Trans activists Marsha P. Johnson and Sylvia Rivera to get New York monument
Transgender activists Marsha P. Johnson and Sylvia Rivera will be commemorated with a monument in the city of New York.
It may be placed down the street from the Stonewall Inn, where the 1969 Stonewall Riots took place led by Johnson and Rivera.
The two transgender women of colour led the uprising against homophobic police raids, an era-defining moment in the struggle for LGBT equality.
Rivera and Johnson also later co-founded the organisation STAR, or Street Transvestite Action Revolutionaries, a group dedicated to helping homeless young drag queens and trans women of colour.
The monument will mark the 50th anniversary of the Stonewall Riots and it is proposed for the Ruth Wittenberg Triangle in Greenwich Village, the New York Times reported.
It will also be one of the world’s first monuments dedicated to transgender people.
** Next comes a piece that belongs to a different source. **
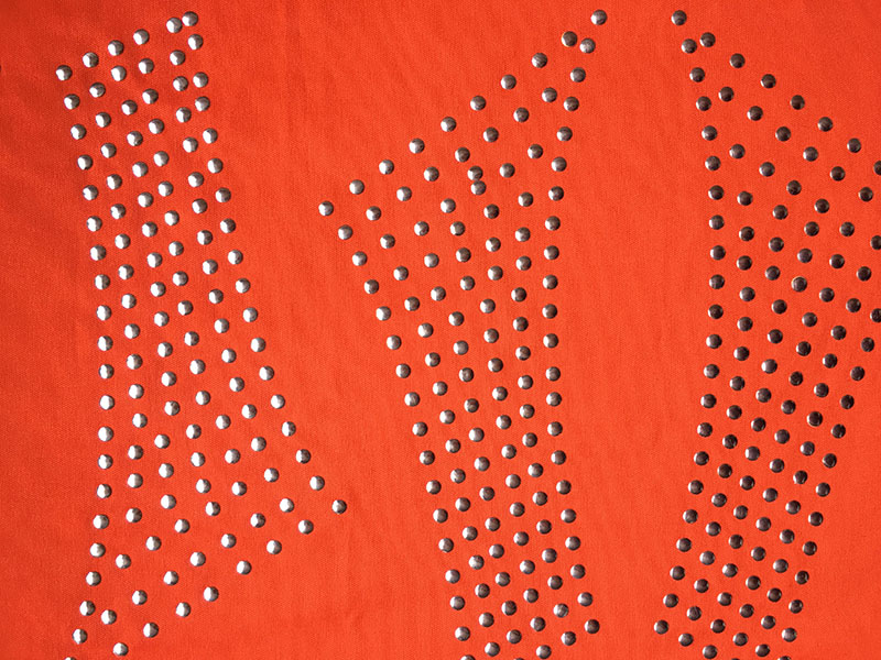 Another point of origin for nail head embellishment might be the work of Schiaparelli. In the late 1930s, Schiaparelli created lavishly embroidered and embellished evening capes, suits and jackets. Featuring metallic embroidery, elaborate gold buttons and glass jewels, these creations were beyond the financial reach of the ordinary people.

New York’s first lady, Chirlane McCray, told the newspaper: “The LGBTQ movement was portrayed very much as a white, gay male movement.
“This monument counters that trend of whitewashing the history.”
The Stonewall Riots
On June 28 1969, the police stopped by The Stonewall Inn on the grounds of checking for alcohol law violations and other transgressions, which is something they did regularly.
What actually occurred was police intimidation and demands for payoffs in return for not arresting or publicising the names of customers.